If we decrease the temperature: There is a decrease in the number of particles which have the minimum energy to react, therefore there are fewer successful collisions. If we increase the temperature: There is an increase in the number of particles which have the minimum energy to react, therefore there are many more successful collisions. Also the Emp (the place where the hump on the graph is) increases. This is more effective in increasing the rate than increasing the pressure because increasing the pressure by a small amount increases the frequency of collisions by a small amount. If we increase the concentration: The number of particles reacting is doubled (many more), therefore there is a greater collision frequency (higher chance of a successful collision). If we decrease the concentration: The number of particles reacting is much fewer, therefore there is a lower collision frequency. If we add a catalyst: There is an increase in the number of particles which have the minimum energy to react, therefore there are many more successful collisions. Also the graph distribution remains the same. Sometimes a metal catalyst is often used in the form of gauze or a powder to increase the surface area of the catalyst. If we increase the surface area of reactants: There is a greater collision frequency.

Enthalpy Once condition necessary for enthalpies of formation to be quoted as standard values at a specific temperature of 298K: All reactants and products are in their standard states.

There is a difference between the value calculated through mean bond enthalpies and the value given in a book because: 1) Mean bond enthalpies are not specific for this reaction 2) They are average values from many different compounds An incomplete combustion can lead to a reaction being less exothermic. Questions about q = m c ∆T Q = m c ∆T (You must write this in the exam)

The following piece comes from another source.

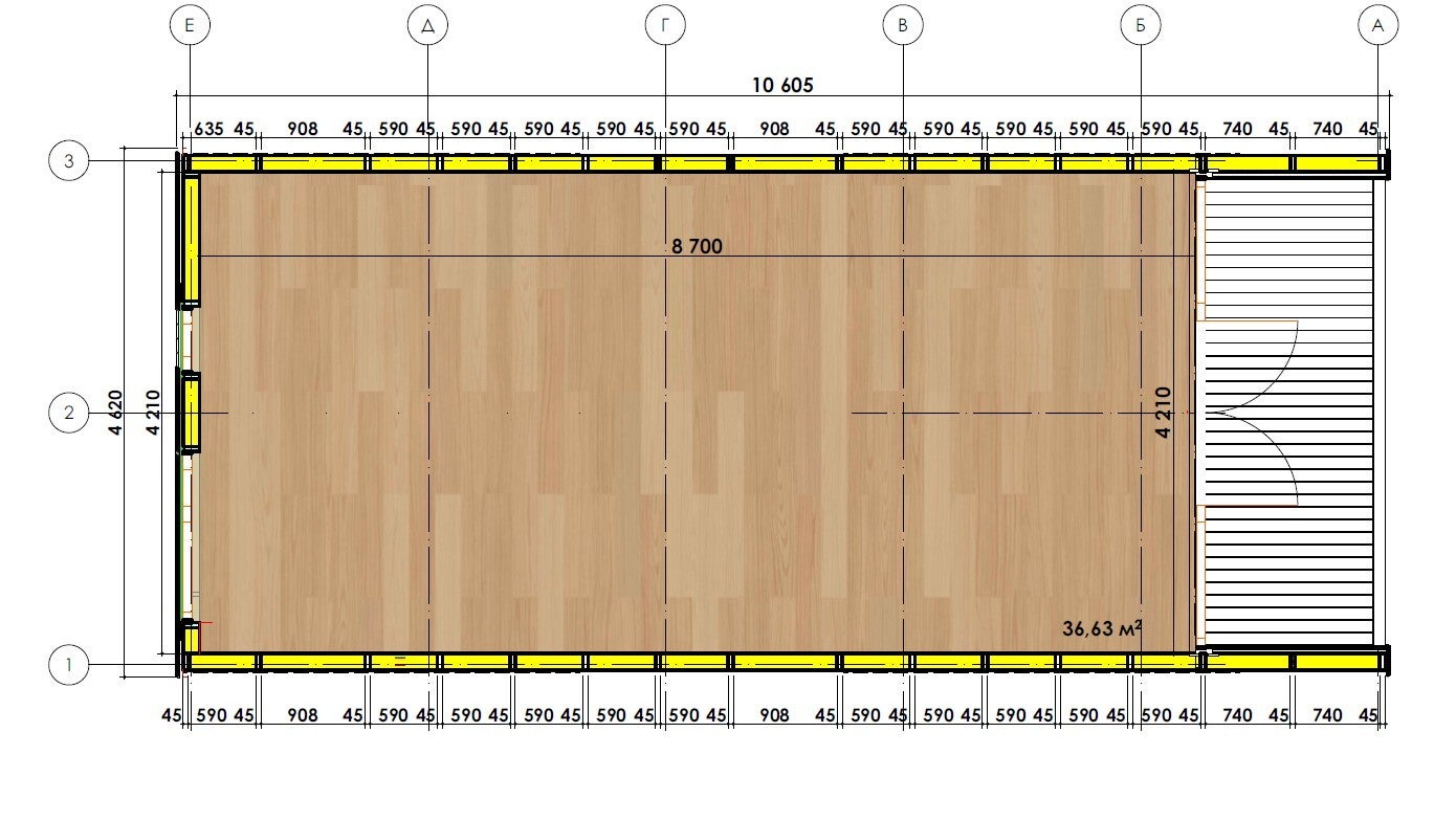 Le montage sur plots béton ou pieux vissés reste possible malgré la taille du bâtiment, ce qui permet une installation propre, rapide et respectueuse de la topographie de votre terrain.

In Standard Enthalpy of reactions: ΔH = Σ ΔHf products − Σ ΔHf reactants In Mean Bond enthalpy of reaction: ΔH = Σ bonds broken (reactants) - Σ bonds made (products) The calculated values of enthalpies of combustion of alcohols, when plotted against Mr follow a straight line: WHY: 1) Each Alcohol increases by an extra CH2 2) Combustion of each alcohol in the series breaks one more C-C bond and two more C-H compared with the previous one and forms one more mol CO2 and more mol H2O. Also sometimes the experimental values of enthalpy obtained by a student (through the above equation) are lower than the calculated values (using Hess’s law) due to one of: 1) Heat loss 2) Incomplete combustion 3) Reactants or products may not be in their standard states Sometimes it is not possible to measure the enthalpy change directly for a combustion reaction as other products are also formed that are not showed in the equation. Elements have standard enthalpy of formation of zero – by definition, but not when they are not in their standard states. For example if gaseous Mg is formed, instead of solid Mg, then the enthalpy would be less negative.